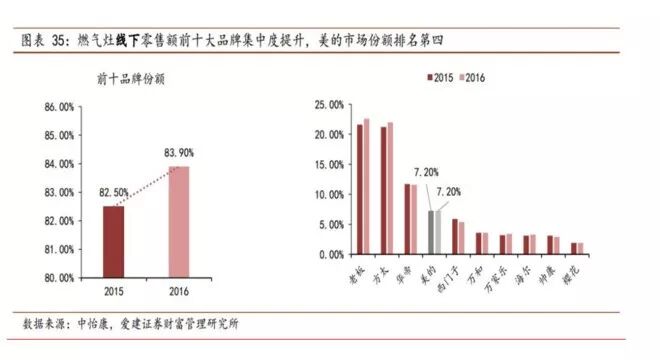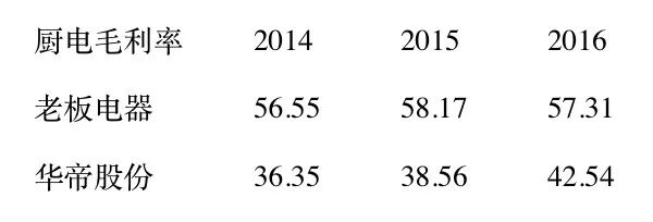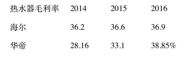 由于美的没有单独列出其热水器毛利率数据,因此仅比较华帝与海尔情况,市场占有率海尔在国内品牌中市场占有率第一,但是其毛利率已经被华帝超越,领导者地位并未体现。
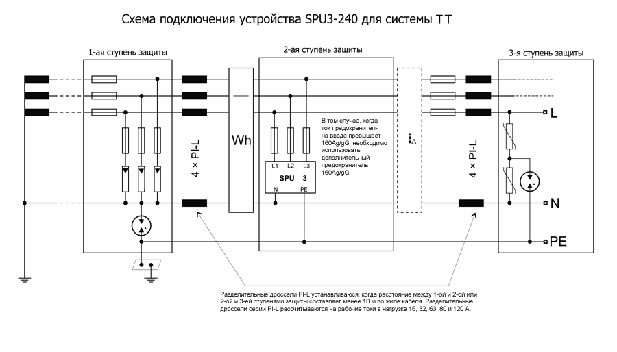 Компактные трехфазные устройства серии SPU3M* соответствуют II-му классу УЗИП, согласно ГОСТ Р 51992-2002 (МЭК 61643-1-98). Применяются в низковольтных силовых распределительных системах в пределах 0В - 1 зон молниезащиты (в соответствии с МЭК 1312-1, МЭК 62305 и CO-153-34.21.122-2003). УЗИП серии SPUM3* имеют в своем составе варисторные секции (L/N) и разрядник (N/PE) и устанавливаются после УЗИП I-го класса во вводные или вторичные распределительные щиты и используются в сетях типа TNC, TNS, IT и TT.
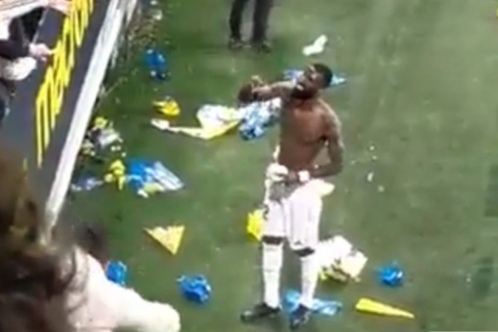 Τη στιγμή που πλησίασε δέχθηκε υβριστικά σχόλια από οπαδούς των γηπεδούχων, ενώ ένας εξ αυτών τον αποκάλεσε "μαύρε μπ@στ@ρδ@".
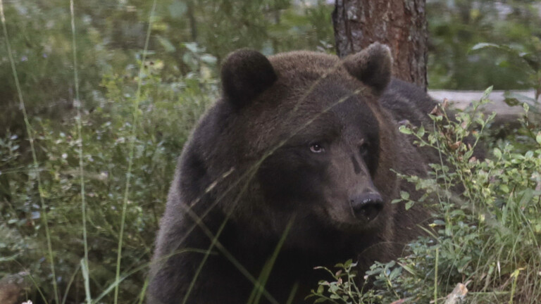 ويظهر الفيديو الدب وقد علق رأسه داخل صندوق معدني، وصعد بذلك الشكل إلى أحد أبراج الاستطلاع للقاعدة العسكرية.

• What is expected
Omit the pictures, then print the rest of the listing above exactly.

• Result of the exercise
 由于美的没有单独列出其热水器毛利率数据,因此仅比较华帝与海尔情况,市场占有率海尔在国内品牌中市场占有率第一,但是其毛利率已经被华帝超越,领导者地位并未体现。
 Компактные трехфазные устройства серии SPU3M* соответствуют II-му классу УЗИП, согласно ГОСТ Р 51992-2002 (МЭК 61643-1-98). Применяются в низковольтных силовых распределительных системах в пределах 0В - 1 зон молниезащиты (в соответствии с МЭК 1312-1, МЭК 62305 и CO-153-34.21.122-2003). УЗИП серии SPUM3* имеют в своем составе варисторные секции (L/N) и разрядник (N/PE) и устанавливаются после УЗИП I-го класса во вводные или вторичные распределительные щиты и используются в сетях типа TNC, TNS, IT и TT.
 Τη στιγμή που πλησίασε δέχθηκε υβριστικά σχόλια από οπαδούς των γηπεδούχων, ενώ ένας εξ αυτών τον αποκάλεσε "μαύρε μπ@στ@ρδ@".
 ويظهر الفيديو الدب وقد علق رأسه داخل صندوق معدني، وصعد بذلك الشكل إلى أحد أبراج الاستطلاع للقاعدة العسكرية.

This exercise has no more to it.